(Records contained in a dataset)
···
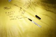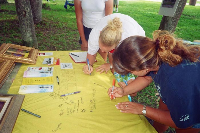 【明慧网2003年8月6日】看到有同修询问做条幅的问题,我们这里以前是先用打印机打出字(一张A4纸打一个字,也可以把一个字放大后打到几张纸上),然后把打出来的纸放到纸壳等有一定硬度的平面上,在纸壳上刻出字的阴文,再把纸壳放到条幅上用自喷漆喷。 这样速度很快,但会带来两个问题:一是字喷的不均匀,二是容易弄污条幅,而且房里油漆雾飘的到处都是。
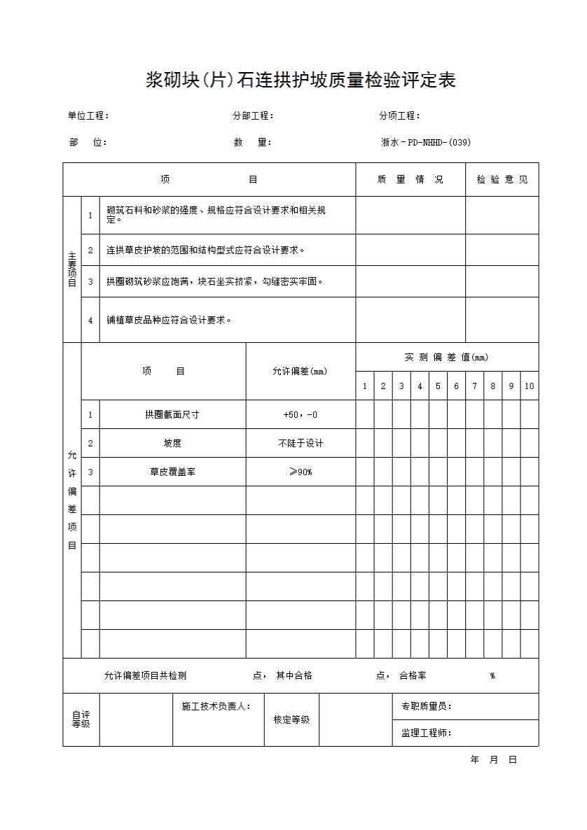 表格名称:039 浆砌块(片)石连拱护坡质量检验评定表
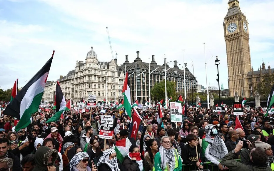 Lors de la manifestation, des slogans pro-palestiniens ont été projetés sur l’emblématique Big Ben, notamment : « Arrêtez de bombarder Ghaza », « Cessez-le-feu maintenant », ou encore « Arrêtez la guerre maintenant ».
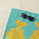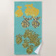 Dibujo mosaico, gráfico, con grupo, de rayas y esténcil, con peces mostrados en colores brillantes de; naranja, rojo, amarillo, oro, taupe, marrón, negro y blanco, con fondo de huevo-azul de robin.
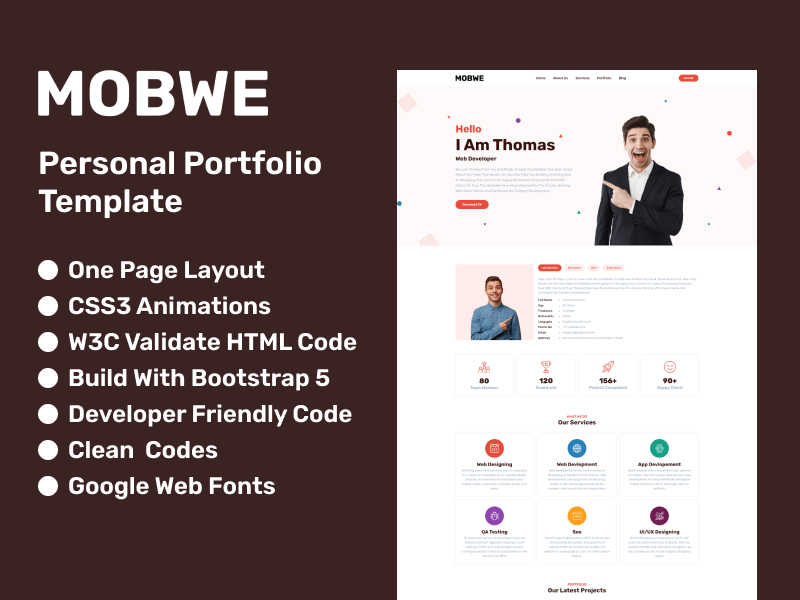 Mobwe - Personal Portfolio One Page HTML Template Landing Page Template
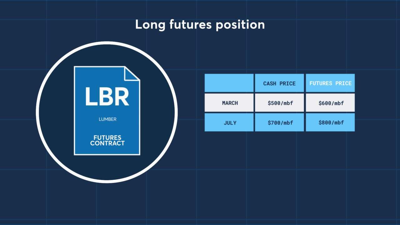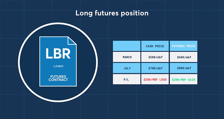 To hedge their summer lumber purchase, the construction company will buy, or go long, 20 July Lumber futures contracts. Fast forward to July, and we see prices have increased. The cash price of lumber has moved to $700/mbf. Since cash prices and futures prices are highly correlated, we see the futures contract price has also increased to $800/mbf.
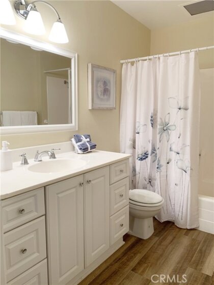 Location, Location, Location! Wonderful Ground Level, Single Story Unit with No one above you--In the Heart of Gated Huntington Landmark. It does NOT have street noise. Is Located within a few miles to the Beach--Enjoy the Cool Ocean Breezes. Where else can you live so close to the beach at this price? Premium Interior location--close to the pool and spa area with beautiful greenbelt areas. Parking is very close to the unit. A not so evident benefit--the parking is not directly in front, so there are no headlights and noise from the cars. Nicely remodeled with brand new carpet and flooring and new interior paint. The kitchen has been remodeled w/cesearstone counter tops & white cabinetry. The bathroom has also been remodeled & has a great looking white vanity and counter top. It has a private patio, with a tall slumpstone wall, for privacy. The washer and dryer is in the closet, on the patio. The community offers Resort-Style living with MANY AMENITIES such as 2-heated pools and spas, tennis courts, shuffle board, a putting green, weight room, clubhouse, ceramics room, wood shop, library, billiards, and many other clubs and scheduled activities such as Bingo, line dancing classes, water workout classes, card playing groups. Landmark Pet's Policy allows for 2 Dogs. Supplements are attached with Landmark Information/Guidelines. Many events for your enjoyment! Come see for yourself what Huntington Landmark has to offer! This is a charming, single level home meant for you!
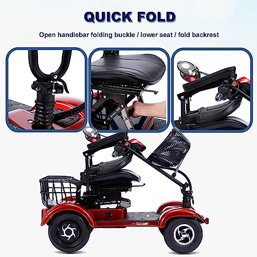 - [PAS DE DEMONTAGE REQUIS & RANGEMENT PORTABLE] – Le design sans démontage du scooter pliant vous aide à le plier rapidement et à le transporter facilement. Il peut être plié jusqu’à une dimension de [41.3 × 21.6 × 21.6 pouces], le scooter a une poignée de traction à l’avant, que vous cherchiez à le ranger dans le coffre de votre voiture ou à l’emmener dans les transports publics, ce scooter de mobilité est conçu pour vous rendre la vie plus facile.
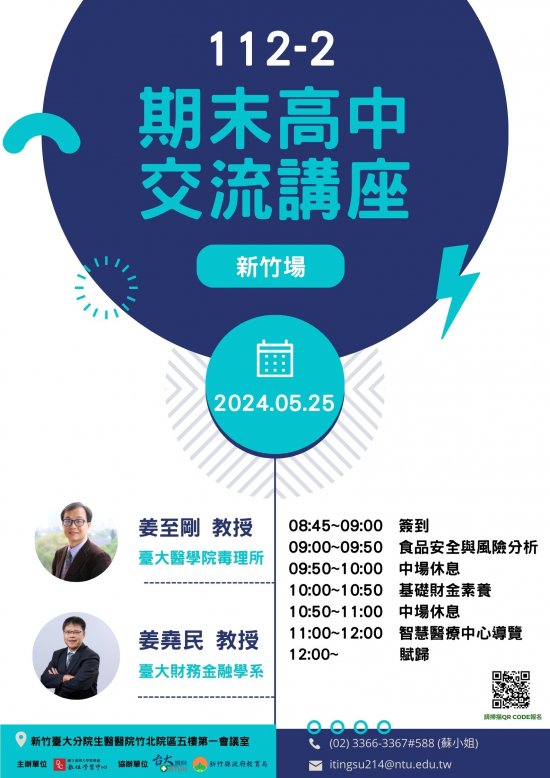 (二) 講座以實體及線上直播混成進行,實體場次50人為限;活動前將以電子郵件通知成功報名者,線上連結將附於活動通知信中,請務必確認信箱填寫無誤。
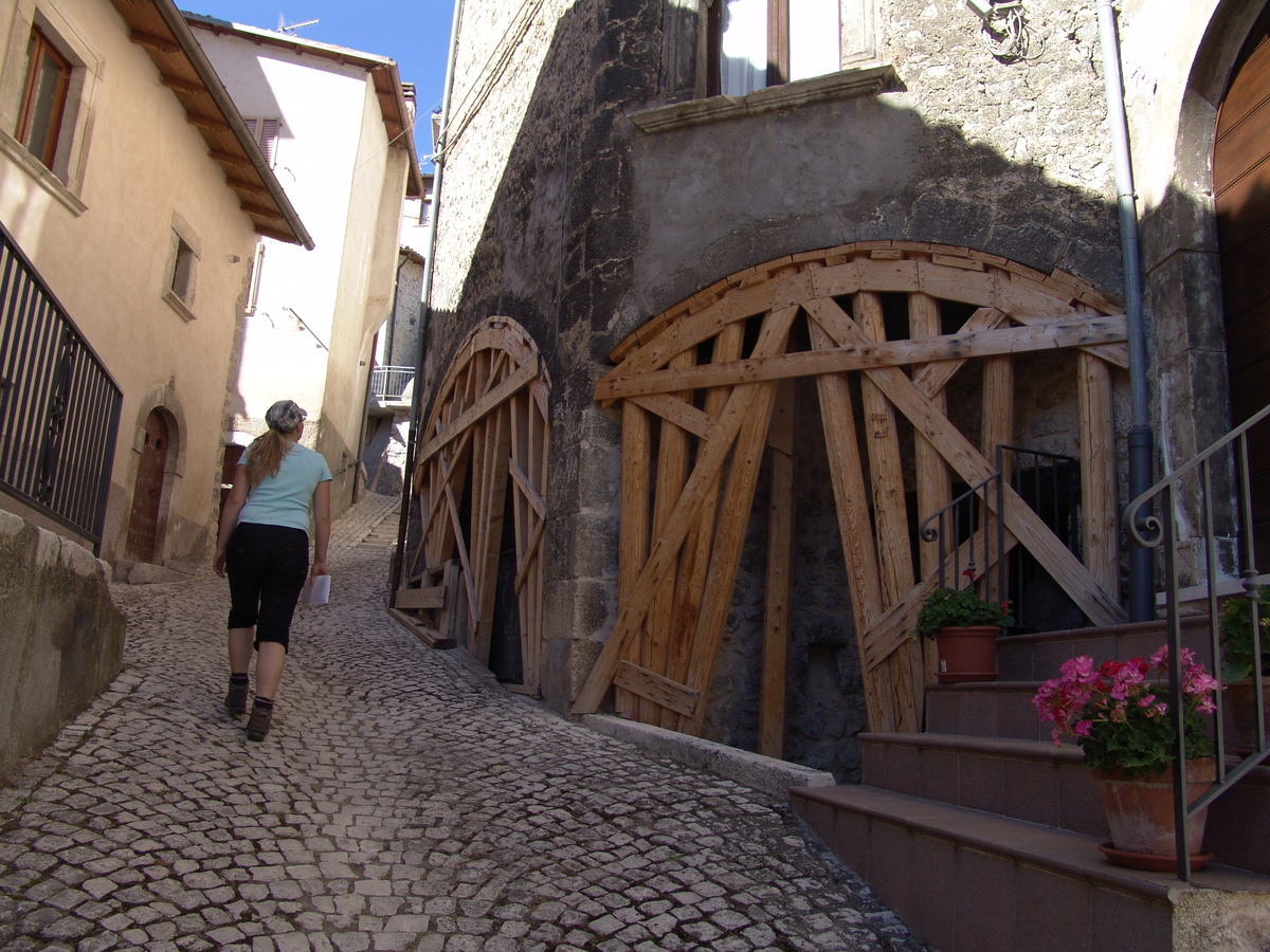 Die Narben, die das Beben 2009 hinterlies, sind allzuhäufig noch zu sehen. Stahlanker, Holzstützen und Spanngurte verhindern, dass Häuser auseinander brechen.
···
_What you have to do_. Without the pictures, copy the entries from their first line through the line containing "Dibujo mosaico, gráfico, con", and only those lines.

_Written solution_.
 【明慧网2003年8月6日】看到有同修询问做条幅的问题,我们这里以前是先用打印机打出字(一张A4纸打一个字,也可以把一个字放大后打到几张纸上),然后把打出来的纸放到纸壳等有一定硬度的平面上,在纸壳上刻出字的阴文,再把纸壳放到条幅上用自喷漆喷。 这样速度很快,但会带来两个问题:一是字喷的不均匀,二是容易弄污条幅,而且房里油漆雾飘的到处都是。
 表格名称:039 浆砌块(片)石连拱护坡质量检验评定表
 Lors de la manifestation, des slogans pro-palestiniens ont été projetés sur l’emblématique Big Ben, notamment : « Arrêtez de bombarder Ghaza », « Cessez-le-feu maintenant », ou encore « Arrêtez la guerre maintenant ».
 Dibujo mosaico, gráfico, con grupo, de rayas y esténcil, con peces mostrados en colores brillantes de; naranja, rojo, amarillo, oro, taupe, marrón, negro y blanco, con fondo de huevo-azul de robin.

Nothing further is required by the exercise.